America’s Story series

America’s Story series

Angela O’Dell has written the “A Living History of Our World” series covering both U.S. and world history. The America’s Story series covers U.S. history in three courses, while The World’s Story will eventually be a series of three courses that cover world history from Creation to the present day. This review focuses on the three America’s Story courses which were written for children in grades three through six:
America’s Story 1: Ancient Americans to the Great Gold Rush

America’s Story 2: From the Civil War to the Industrial Revolution
America’s Story 3: From the early 1900s to Modern Times

The reading level is essentially the same through all three courses, so you can use each course with students anywhere within the range of grade levels. Because these books use a storytelling approach, historical coverage is not comprehensive. Nevertheless, there are so many stories that students will certainly learn about many of the main events and key people. Students can create a timeline using resources at the back of each teacher guide so they are able to visualize how people and events relate to one another.

Each course has a textbook and a teacher guide. The soft-cover, non-consumable textbooks are printed in full color and are heavily illustrated with photos, maps, and other images.

Teacher guides have some teaching information as well as an answer key at the back, but they serve primarily as the source for reproducible activity pages to be handed out to students. These three-hole-punched pages can be removed and put into a binder. Because there are more than 300 such pages, it makes sense in most cases to purchase the teacher guide as a digital file unless you intend to use the course with only one student. In that case, you could just give the original printed pages to the student.

Teacher guides also have cumulative review activity pages to be used after quarterly review days plus a final review quiz. The final review has students fill in blanks with correct answers, but other review activities include crossword puzzles, matching columns, word search puzzles, short-paragraph answers (possibly responded to with oral narrations), multiple-choice questions, and a few other types of activities.

O’Dell titles the entire series for both American and world history as “A Living History of Our World,” since it reflects Charlotte Mason’s recommendation that history, as well as other subjects, be taught with what she described as living books—books that are lively and interesting. For history, this means reading the stories of history rather than just names, dates, and events. To that end, O’Dell writes in a very personal, storytelling style that should appeal to children of all ages.

Narration, a key element in Charlotte Mason methodology, plays a prominent role throughout this series with frequent narration breaks in the text where the parent is to present an opportunity for students to narrate what they have learned from the material that has just been read. (For a narration, children will retell what they have learned in their own words.) Key points that should be included in those narrations are provided for parents in the teacher guides. Partly, because of the oral narrations, the books are ideally read aloud to children rather than assigned for independent reading. However, I expect that by fifth or sixth grade some students will prefer to read the text on their own. Parents might have students do some written narrations rather than oral. The teacher guides include one written narration page that can be used, although you can always have students do more.

Teacher guides have a page written specifically to the teacher at the beginning of the material for each chapter. The teacher pages each have a materials needed list, suggested responses for oral narrations, and an optional Digging Deeper activity suggestion.

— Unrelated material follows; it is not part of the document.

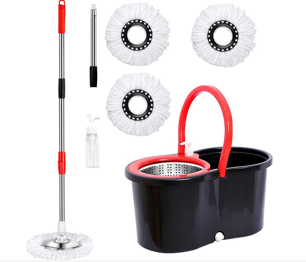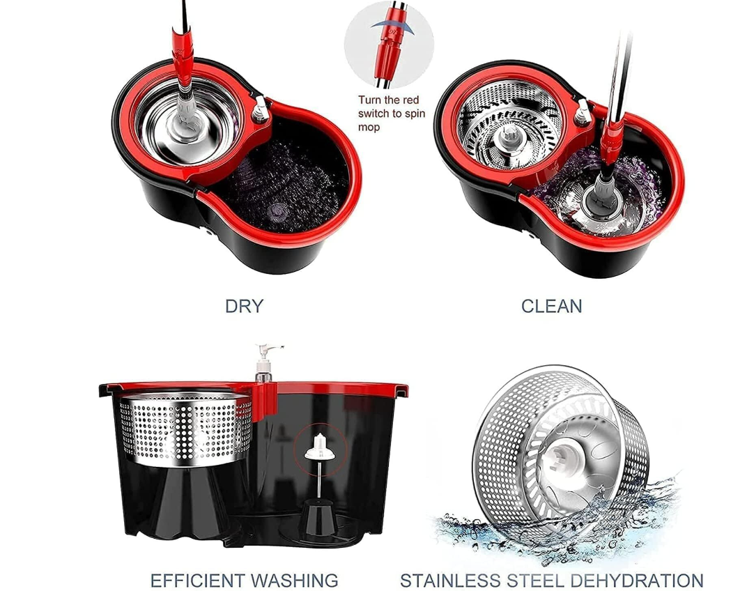 • Efficient spin mop: Our mop and bucket system features a self-washing and spinning basket, which simplifies cleaning and cuts down cleaning time. The built-in wringer basket is designed to contain splash and spray within the bucket, preventing it from reaching the floor during the wringing process.

Following the teacher page for each chapter are a number of reproducible activity pages. Among the activities are prompts for written narrations for older students, drawing, completing graphic organizers, questions to be answered with complete sentences, map activities, copywork, vocabulary work, puzzles, artist studies, composition assignments, creative writing, timeline activities, and creative design work (e.g., design a farm you might have had during the time of George Washington, from America’s Story 1, p. 167). Not all types of activities are included for every lesson, but most lessons have activities to choose from that will suit students with different learning styles.

America’s Story courses are presented from a Christian worldview, although Christian content appears sporadically. By the third volume, a conservative outlook on government and politics also becomes evident.


The design of America's Story is especially well suited for homeschooling situations. Each course can be easily adapted to use with children across a range of grade levels. In addition, there is plenty of guidance for parents as they lead students through lessons and activities. Charlotte Mason’s ideas have been used to some extent. However, some activities are more prescriptive than Mason would have used, asking for more structured and predictable accountability from students. This seems to me a balance that many parents will appreciate.